The image sound localization apparatus disclosed in Japanese Patent Application Laying Open (KOKAI) No. 6-98400 enables a listener to clearly distinguish a sound image localized in front from a sound image localized behind. A sound image location manipulation device comprises a direction dial and a distance slider to arbitrarily localize a sound image by controlling differences between two sound signals in time, amplitude, and phase. In accordance with the operation of a direction dial 509a and a distance slider 509b in a sound image location manipulation device 509 in FIG. 15, a location of the sound image is determined. Then, signals Tl and Tr for controlling the delay time, signals Cl and Cr for controlling the amplitude, and a signal F/B for switching the sound image localized location between the front and rear of the listener is outputted from a control parameter generator 510 based on an angle signal θ and a distance signal D outputted from the sound image location manipulation device 509. Based on these various control signals, specified differences in time and amplitude are applied to input audio signals ASL by a delay device 501 and a multiplier 503, and the signal is outputted from a headphone amplifier 505 to a headphone 506. To localize a sound image behind the listener, an invertor 507 inverts the phase of one of channels in response to the signal F/B, and a signal is outputted from the headphone amplifier 505 to the headphone 506 through the delay device 502 and the multiplier 504.
The outside localization headphone listening apparatus disclosed in Japanese Patent Application Laying Open (KOKAI) No. 5-252598 is directed to localize a sound image by using spatial characteristics of human beings and inverse headphone responses that are prepared in advance, and this application does not disclose means for arbitrarily changing a localized location within a limited range and continuously changing the location, or how to reduce the operation time of the convolution.
In addition, the sound apparatus disclosed in Japanese Patent Application Laying Open (KOKAI) No. 5-300599 carries out binauralization with respect to only a horizontal plane, and this application fails to refer to localization in arbitrary spatial locations. It discusses the reduction of measuring steps and the capacity of memory for storage, but does not mention methods for reducing the operation time of the convolution.
Furthermore, the sound image localization apparatus disclosed in Japanese Patent Application Laying Open (KOKAI) No. 6-98400 separately controls differences in time, amplitude, and phase, and this application also fails to refer to methods for reducing the operation time of the convolution. Of course, the reduction of used memory is important to the implementation of a sound image localization apparatus, but the operation time of the convolution is more important and affects hardware designs. The practical problem is thus how to reduce the order of these arithmetic operations to shorten the operation time of the convolution.
SUMMARY OF THE INVENTION
It is an object of this invention to provide a sound image localization apparatus for localizing a sound image at an arbitrary location in a three-dimensional space and reducing the operation time of the convolution by adding sound attenuation in distance to the interpolation estimation of a head related transfer function in a three-dimensional space.
It is another object of this invention to provide a sound image localization apparatus for controlling the localization of a sound image at an arbitrary location in a three-dimensional space in real time.

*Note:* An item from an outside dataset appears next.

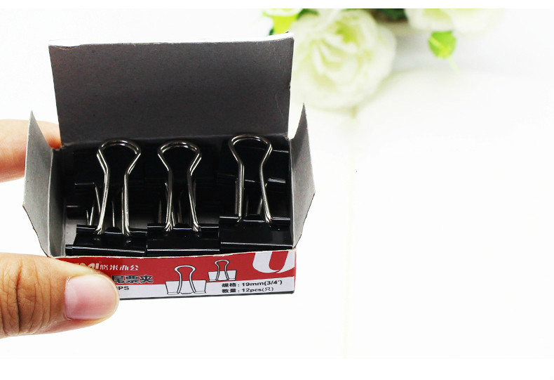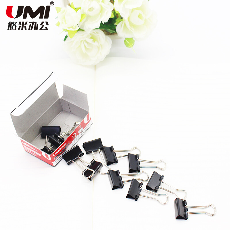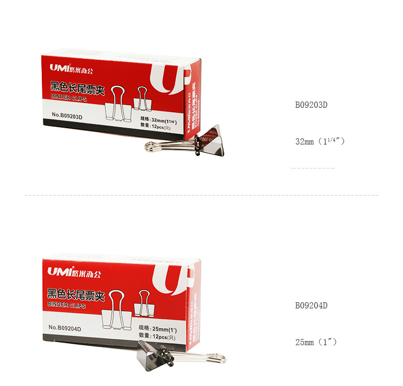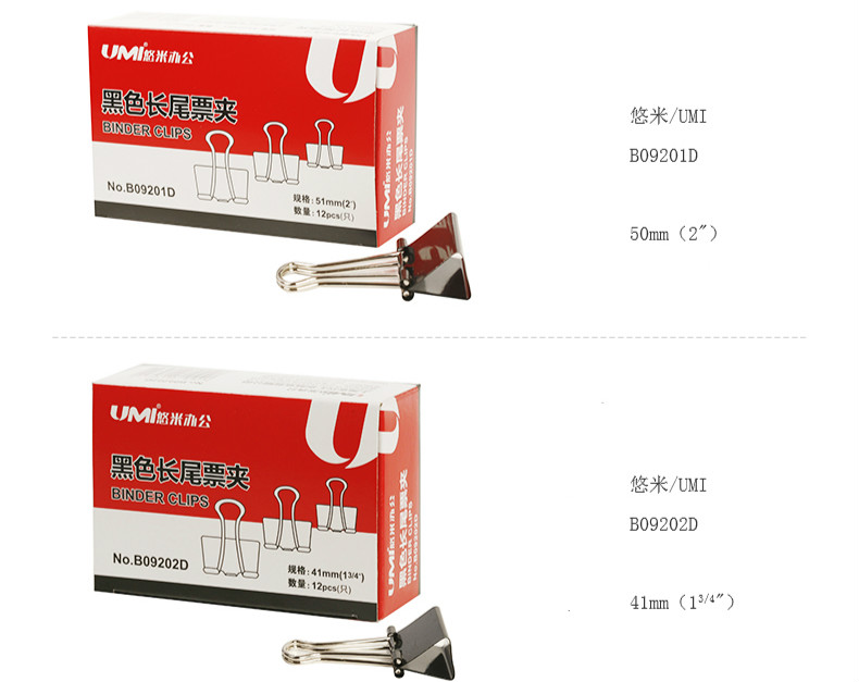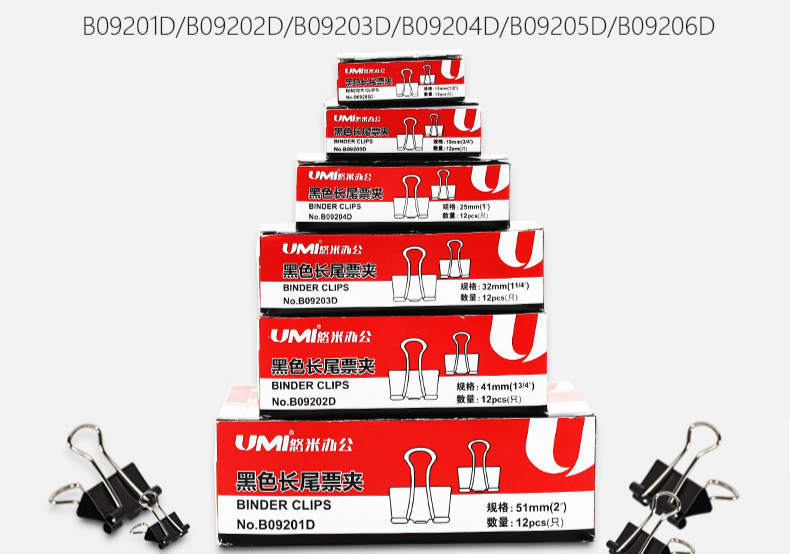 悠米 长尾夹B09206D(15mm)黑色12只/盒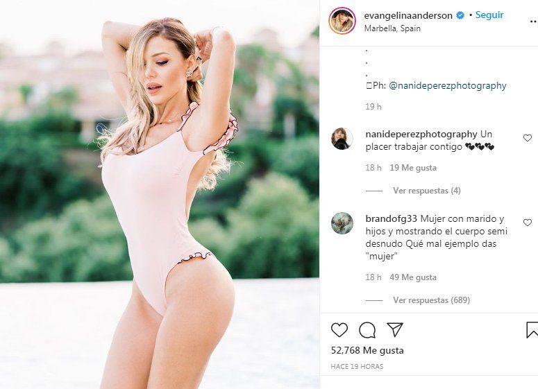 “Mujer con marido e hijos y mostrando el cuerpo semidesnudo. Que mal ejemplo das, ‘mujer’”, fue el comentario al que Anderson respondió de manera sarcástica: “Las que estamos casadas y somos madres para ir a la playa deberíamos usar túnicas. Bravo”, escribió en la red social donde la modelo muestra su día a día. Otro comentario, en el mismo tono decía: “ A la señora no le favorece. Es ropa, ya está. Tenés hijas y el cuerpo ya no es el mismo, hay que tapar la parte de abajo”, y también recibió un contundente mensaje por parte de Evangelina que publicó junto a un emoji tapándose la cara.

These and other objects can be achieved by a sound image localization control apparatus according to a first aspect of the invention which inputs signals from a monaural sound source and outputs a stereo signal for localizing a sound image at an arbitrary location in a three-dimensional space, comprising a measuring means for measuring the location and direction of a listener's head in the three-dimensions, a digital filter arithmetic operation means for determining a digital filter that approximates the head related transfer function corresponding to the measured direction of the head, a digital filter correction means for correcting the coefficient for the digital filter by calculating the amount of sound attenuation based on the measured direction of the head, and a convolution operation means for convolving the sound source data with the digital filter.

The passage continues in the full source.